China may be perceived as a global powerhouse in sports today, but that was not always the case. In his lecture, The Idea of China—Looking through the Lens of Global Sport, Guoqi Xu, Professor of History at The University of Hong Kong, positioned sport as a means of self-expression as a nation, or “Chineseness.” The lecture took place at the Asia Global Institute’s offices on February 21. AGI Director Zhiwu Chen delivered the opening remarks.
In his talk, Xu focused on four issues: 1. Sports as an Idea of “I can Compete!” (我能比呀) 2. Sports as vehicle for national representation and the “One China” principle; 3. Sports as a diplomatic tool; and 4. Sports and Chinese dream.
The Chinese word for sport, or tiyu (體育) was a Japanese import that did not appear in China until the late 19th century. Xu suggested that after 1895 when China was defeated by Japan, many of China’s elite no longer considered their country to be the “Middle Kingdom” but as a “Sick man of Asia”. As a result of this, international sports became seen as a vehicle for promoting the idea of “I can Compete!” and for expressing China’s desire to be a fully-fledged member in the family of nations.

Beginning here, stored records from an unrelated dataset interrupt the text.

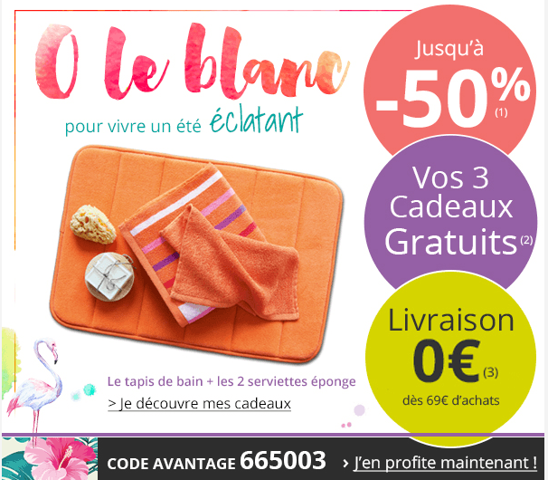 (1) Jusqu'à -50% sur la sélection Blanc : Offre valable jusqu'au 23/05/2017 dans la limite du stock disponible. Non cumulable avec une autre remise et hors prix astérisques.
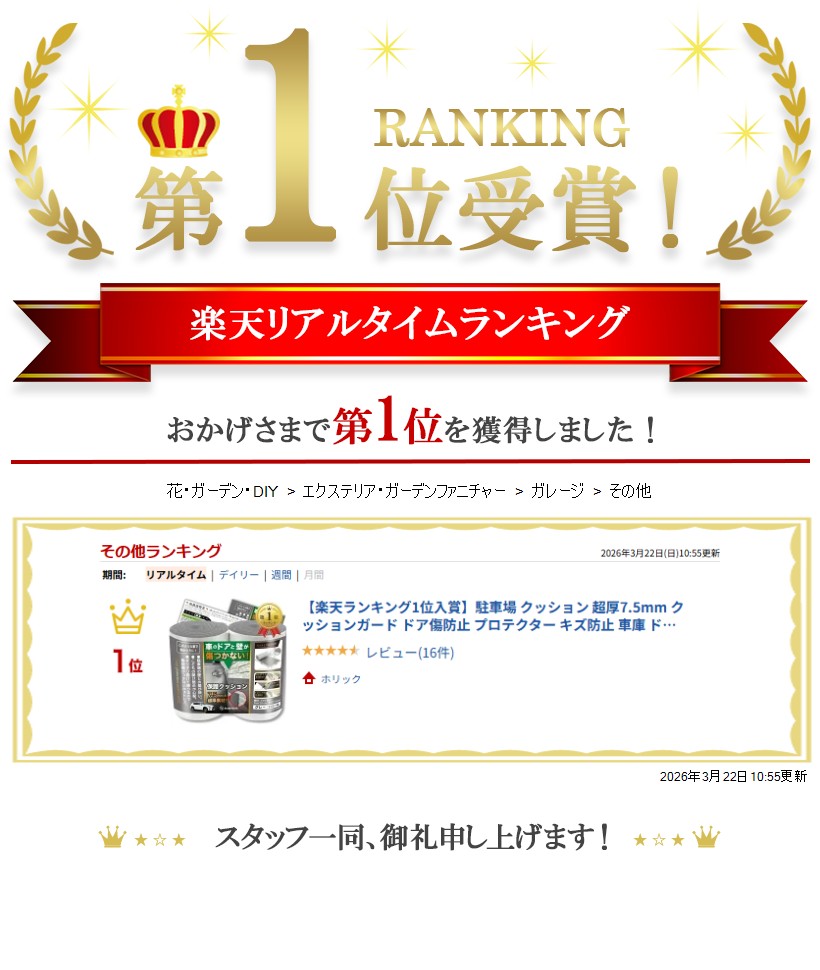 「車のドア&ガレージの壁のキズ防止に」軽量で柔らかいシート状のクッション材。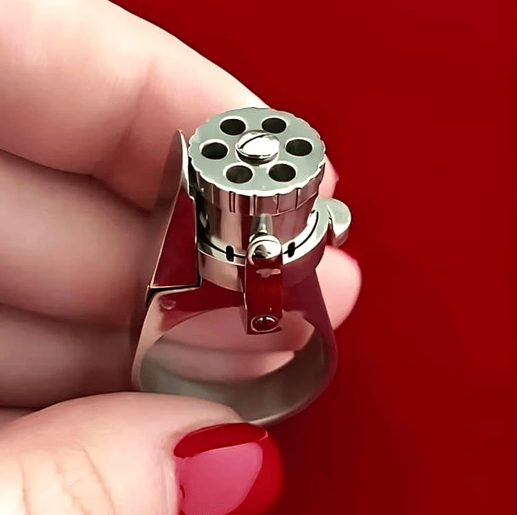The craftsmanship involved in designing our revolver is a testament to the beauty of meticulous handiwork. Every piece is intricately designed with exceptional detail, highlighting the unique character and charm of the miniature ring gun. Its compact and robust design mirrors the classic style of a traditional revolver, miniaturized to fit comfortably on your finger.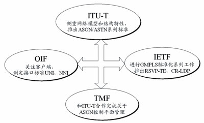 2000年前后,许多国际标准化组织和论坛(如ITU-T、IETF、OIF和TMF等)纷纷着手ASON标准化的研究。截至目前,已有大量的有关ASON的标准草案面世,如ITU-T的G.8080、G.8081和G.771x系列;IETF的GMPLS协议族;OIF的UNI1.0、UNI2.0和ENNI信令和路由等。这些标准化组织的目标是制定一个开放式的通用智能化光网络模型以及相关的标准接口、自动交换和动态配置控制协议,便于不同厂商的设备在光网络中互联互通。ITU-T、IETF和OIF之间工作具有很强的互补性。图1为ASON标准化组织的不同侧重点和相互的关系。

Between 1895 to 1948, China’s sports concerns were focused its athletes’ ability to take part in global events such as the Olympic Games, which kicked off in its current form in 1896. The Chinese phrase “I can compete” was also to refer to the Olympiad during this time, and there was a sense that if China could take part in the games, it could take its rightful place in the global community. It was during this early period of China’s Olympic history that that in 1908, it set three goals: to send a team to the Olympics; to win a gold at the Olympics; to host an Olympics.
The Second World War and hostilities between Nationalist and Communist put sports activities on hold and after the communists came to power in 1949, international sports became a battleground for national representation. The 1952 Olympics in Helsinki were a watershed event, Xu said, because it was the only time in Olympic history to date that China and Taiwan were allowed to compete side-by-side as representatives of China. Continued disputes over national representation meant that Beijing had to withdraw from virtually all international sports federations, except the body that governed table tennis. The situation continued until 1979, Taiwan was derecognized, and the PRC, recognized, as China’s official representative by the United Nations. The International Olympic Committee also adopted the “one country, two systems” policy, and Taiwan was renamed “Chinese Taipei” (中華台北), a name change which allowed it to retain access to global sporting events.
International sports has also long been used as diplomatic tool by China. Its participation in the 1932 Olympic games were largely brought about through diplomatic calculation. In 1971, officials kicked off what is now known as Ping pong diplomacy, which not only improved Sino-American relations, but also ultimately saw Beijing’s recognition as China’s official representative.
In his talk Xu also explained the strong link between sports and the Chinese dream. He painted sports as a hallmark of Xi Jinping’s regime and how international Sports is currently seen as a symbol of new rising China, through his discussions of the Olympic Games in 1984, 2008 and Beijing’s desire to host the 2022 Winter Olympic Games. Xu concluded by arguing that today, Chinese president Xi Jinping is keen to have his country qualify and play in a FIFA World Cup. He also wants to see China host a World Cup, and win a World Cup, fulfilling Xi’s dream of “rejuvenating the Chinese nation” in the process.